What the task requires:
All lines from the one containing "Ανδρικός Σταυρός δίχρωμος από ατσάλι SA268" to the end of the entries below should be output exactly as they appear. No other lines should be output.

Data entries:
════
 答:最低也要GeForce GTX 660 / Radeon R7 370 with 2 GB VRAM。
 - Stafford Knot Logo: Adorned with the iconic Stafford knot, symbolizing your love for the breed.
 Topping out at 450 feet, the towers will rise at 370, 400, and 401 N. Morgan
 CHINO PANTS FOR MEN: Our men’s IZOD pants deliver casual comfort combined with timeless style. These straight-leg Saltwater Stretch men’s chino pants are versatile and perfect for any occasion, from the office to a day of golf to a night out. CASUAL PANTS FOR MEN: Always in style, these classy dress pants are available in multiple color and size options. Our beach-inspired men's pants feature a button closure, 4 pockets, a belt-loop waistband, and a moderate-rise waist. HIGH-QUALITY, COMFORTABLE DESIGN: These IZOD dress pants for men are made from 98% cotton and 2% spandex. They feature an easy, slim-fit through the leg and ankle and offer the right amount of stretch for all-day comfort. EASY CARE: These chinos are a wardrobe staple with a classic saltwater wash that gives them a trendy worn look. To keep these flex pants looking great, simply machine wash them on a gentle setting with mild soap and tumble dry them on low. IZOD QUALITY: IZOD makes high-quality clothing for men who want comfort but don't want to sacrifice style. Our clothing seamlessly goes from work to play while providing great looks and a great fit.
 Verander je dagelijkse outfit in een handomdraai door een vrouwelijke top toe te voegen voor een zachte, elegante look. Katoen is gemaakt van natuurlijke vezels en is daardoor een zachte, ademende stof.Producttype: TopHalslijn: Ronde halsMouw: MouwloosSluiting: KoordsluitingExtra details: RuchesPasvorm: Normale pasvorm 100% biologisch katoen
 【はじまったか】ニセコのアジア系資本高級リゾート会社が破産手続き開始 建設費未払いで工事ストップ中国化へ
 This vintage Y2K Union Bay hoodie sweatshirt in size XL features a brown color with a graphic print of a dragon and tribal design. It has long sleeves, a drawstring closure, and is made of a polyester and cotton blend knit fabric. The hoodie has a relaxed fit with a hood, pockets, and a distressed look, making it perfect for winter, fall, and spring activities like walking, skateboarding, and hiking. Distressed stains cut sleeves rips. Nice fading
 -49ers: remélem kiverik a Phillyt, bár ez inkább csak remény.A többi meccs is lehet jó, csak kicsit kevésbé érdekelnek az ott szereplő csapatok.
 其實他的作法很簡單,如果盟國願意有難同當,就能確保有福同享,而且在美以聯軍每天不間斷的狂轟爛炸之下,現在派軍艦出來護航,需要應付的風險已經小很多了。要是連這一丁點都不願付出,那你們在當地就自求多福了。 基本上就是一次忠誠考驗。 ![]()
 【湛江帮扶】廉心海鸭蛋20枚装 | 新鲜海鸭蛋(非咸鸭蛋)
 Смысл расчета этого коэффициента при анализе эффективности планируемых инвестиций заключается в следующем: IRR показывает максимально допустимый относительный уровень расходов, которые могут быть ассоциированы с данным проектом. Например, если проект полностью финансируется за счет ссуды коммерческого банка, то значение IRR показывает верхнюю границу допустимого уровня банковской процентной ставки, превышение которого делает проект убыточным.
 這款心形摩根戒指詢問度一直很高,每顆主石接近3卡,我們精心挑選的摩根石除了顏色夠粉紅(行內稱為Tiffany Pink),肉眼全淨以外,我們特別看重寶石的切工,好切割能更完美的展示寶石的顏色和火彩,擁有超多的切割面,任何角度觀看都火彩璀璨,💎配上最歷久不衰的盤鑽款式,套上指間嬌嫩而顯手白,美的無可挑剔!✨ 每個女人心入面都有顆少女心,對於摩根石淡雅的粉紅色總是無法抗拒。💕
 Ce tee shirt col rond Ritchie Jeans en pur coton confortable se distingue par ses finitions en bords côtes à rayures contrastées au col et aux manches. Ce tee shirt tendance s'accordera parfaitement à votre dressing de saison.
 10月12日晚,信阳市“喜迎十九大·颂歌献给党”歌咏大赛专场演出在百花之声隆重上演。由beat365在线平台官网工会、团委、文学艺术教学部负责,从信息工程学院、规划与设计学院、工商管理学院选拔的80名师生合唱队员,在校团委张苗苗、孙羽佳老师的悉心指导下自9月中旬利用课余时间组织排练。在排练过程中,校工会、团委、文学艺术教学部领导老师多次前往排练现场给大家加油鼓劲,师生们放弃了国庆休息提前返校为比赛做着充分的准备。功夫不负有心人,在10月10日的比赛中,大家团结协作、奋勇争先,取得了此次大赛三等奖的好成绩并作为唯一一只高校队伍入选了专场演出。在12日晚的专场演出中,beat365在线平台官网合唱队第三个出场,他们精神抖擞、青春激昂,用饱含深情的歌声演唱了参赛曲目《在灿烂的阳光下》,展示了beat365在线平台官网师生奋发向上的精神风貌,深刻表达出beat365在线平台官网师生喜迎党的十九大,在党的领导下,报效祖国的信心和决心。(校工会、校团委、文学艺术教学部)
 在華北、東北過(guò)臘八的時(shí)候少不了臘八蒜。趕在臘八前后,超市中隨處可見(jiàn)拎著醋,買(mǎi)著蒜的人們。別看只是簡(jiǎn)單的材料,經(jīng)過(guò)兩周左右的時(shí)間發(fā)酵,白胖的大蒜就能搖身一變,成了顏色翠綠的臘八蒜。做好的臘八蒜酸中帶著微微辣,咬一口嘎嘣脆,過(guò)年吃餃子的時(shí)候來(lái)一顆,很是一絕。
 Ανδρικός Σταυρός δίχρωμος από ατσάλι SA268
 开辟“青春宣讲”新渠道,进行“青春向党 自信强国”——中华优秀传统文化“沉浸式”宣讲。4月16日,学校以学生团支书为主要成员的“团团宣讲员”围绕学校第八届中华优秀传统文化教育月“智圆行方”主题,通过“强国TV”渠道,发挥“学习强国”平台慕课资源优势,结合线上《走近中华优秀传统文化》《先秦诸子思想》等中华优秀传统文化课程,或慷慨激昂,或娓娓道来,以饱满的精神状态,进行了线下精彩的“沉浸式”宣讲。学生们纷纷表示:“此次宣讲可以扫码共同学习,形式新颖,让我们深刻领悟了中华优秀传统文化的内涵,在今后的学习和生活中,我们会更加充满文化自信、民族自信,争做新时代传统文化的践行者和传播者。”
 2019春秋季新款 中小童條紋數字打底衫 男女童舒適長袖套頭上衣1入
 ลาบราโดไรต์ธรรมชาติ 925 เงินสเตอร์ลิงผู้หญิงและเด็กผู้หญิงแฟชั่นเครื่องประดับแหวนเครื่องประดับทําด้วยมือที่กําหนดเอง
════
Exercise result:
 Ανδρικός Σταυρός δίχρωμος από ατσάλι SA268
 开辟“青春宣讲”新渠道,进行“青春向党 自信强国”——中华优秀传统文化“沉浸式”宣讲。4月16日,学校以学生团支书为主要成员的“团团宣讲员”围绕学校第八届中华优秀传统文化教育月“智圆行方”主题,通过“强国TV”渠道,发挥“学习强国”平台慕课资源优势,结合线上《走近中华优秀传统文化》《先秦诸子思想》等中华优秀传统文化课程,或慷慨激昂,或娓娓道来,以饱满的精神状态,进行了线下精彩的“沉浸式”宣讲。学生们纷纷表示:“此次宣讲可以扫码共同学习,形式新颖,让我们深刻领悟了中华优秀传统文化的内涵,在今后的学习和生活中,我们会更加充满文化自信、民族自信,争做新时代传统文化的践行者和传播者。”
 2019春秋季新款 中小童條紋數字打底衫 男女童舒適長袖套頭上衣1入
 ลาบราโดไรต์ธรรมชาติ 925 เงินสเตอร์ลิงผู้หญิงและเด็กผู้หญิงแฟชั่นเครื่องประดับแหวนเครื่องประดับทําด้วยมือที่กําหนดเอง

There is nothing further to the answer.